One of the biochemical activities of RVB is their ability to bind and hydrolyze ATP as each subunit has a conserved Walker A and Walker B motif. Indeed, mutations in Walker A or B motif of either RVB protein renders it inactive (Jonsson et al., 2001; Qiu et al., 1998). However, studies to demonstrate their ability to hydrolyze ATP are controversial. Experiments showing ATP hydrolysis by recombinant RVBs lack an important negative control i.e. Walker A or Walker B mutant of these proteins (Gribun et al., 2008; Puri et al., 2007; Torreira et al., 2008). To rule out the possibility that any ATPase activity is not from an associated bacterial ATPase this negative control is very important.
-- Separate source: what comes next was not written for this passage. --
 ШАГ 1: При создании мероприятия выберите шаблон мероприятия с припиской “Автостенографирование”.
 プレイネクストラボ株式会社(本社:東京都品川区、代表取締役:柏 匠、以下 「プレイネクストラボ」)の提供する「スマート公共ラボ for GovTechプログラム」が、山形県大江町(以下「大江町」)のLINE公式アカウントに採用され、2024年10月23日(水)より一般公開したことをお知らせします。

On the other hand the failure to detect ATPase activity of a recombinant RVBs could result from inactivation of the protein during purification or requirement of additional partners.
Another activity associated with RVB is its helicase activity. As RVB are structural homologs of the bacterial RuvB proteins, which posseses DNA helicase activity, their ability to separate DNA strands was tested. Although it was demonstrated that RVB are active as a helicase with opposite polarity (Kanemaki et al., 1999; Makino et al., 1999), this result has been controversial. Multiple groups were unable to detect the helicase activity attributed to RVB (Ikura et al., 2000; Matias et al., 2006; Qiu et al., 1998).
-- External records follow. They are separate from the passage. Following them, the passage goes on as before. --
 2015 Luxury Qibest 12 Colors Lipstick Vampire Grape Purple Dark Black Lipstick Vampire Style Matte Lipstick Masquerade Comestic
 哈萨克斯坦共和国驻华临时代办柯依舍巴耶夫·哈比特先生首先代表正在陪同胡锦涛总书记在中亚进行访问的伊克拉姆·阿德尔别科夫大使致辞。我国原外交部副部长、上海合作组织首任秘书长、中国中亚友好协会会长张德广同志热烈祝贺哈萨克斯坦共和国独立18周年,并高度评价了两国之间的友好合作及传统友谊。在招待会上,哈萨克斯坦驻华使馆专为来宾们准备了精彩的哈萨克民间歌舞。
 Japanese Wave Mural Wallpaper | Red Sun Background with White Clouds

RVB play important roles in cellular growth and depletion of these proteins sensitizes cells to DNA damage [(Wu et al., 2007), S.J. and A.D. unpublished data]. Also they are required for cellular transformation and assembly of functional telomerase. Thus, these proteins may be good therapeutic targets particularly if a robust and RVB specific ATPase activity is established. One caveat, of course, lies in the numerous complexes associated with RVB, so that a future RVB inhibitor may have unacceptable toxicity. Over the next few years we expect to see more instances where the depletion of one of the RVB proteins leads to a specific molecular lesion in a biochemical complex. A close examination of these defects should yield in vitro systems where the mechanism by which RVB promotes formation of a protein complexes involved in transcription or DNA damage response can be dissected. Only then will it become clear how these single and dual protein rings carry out so many disparate functions in such a variety of molecular pathways.
We apologize to all authors whose important contributions could not be acknowledged due to space limitations. This work was partly supported by RO1 GM84465 to A.D.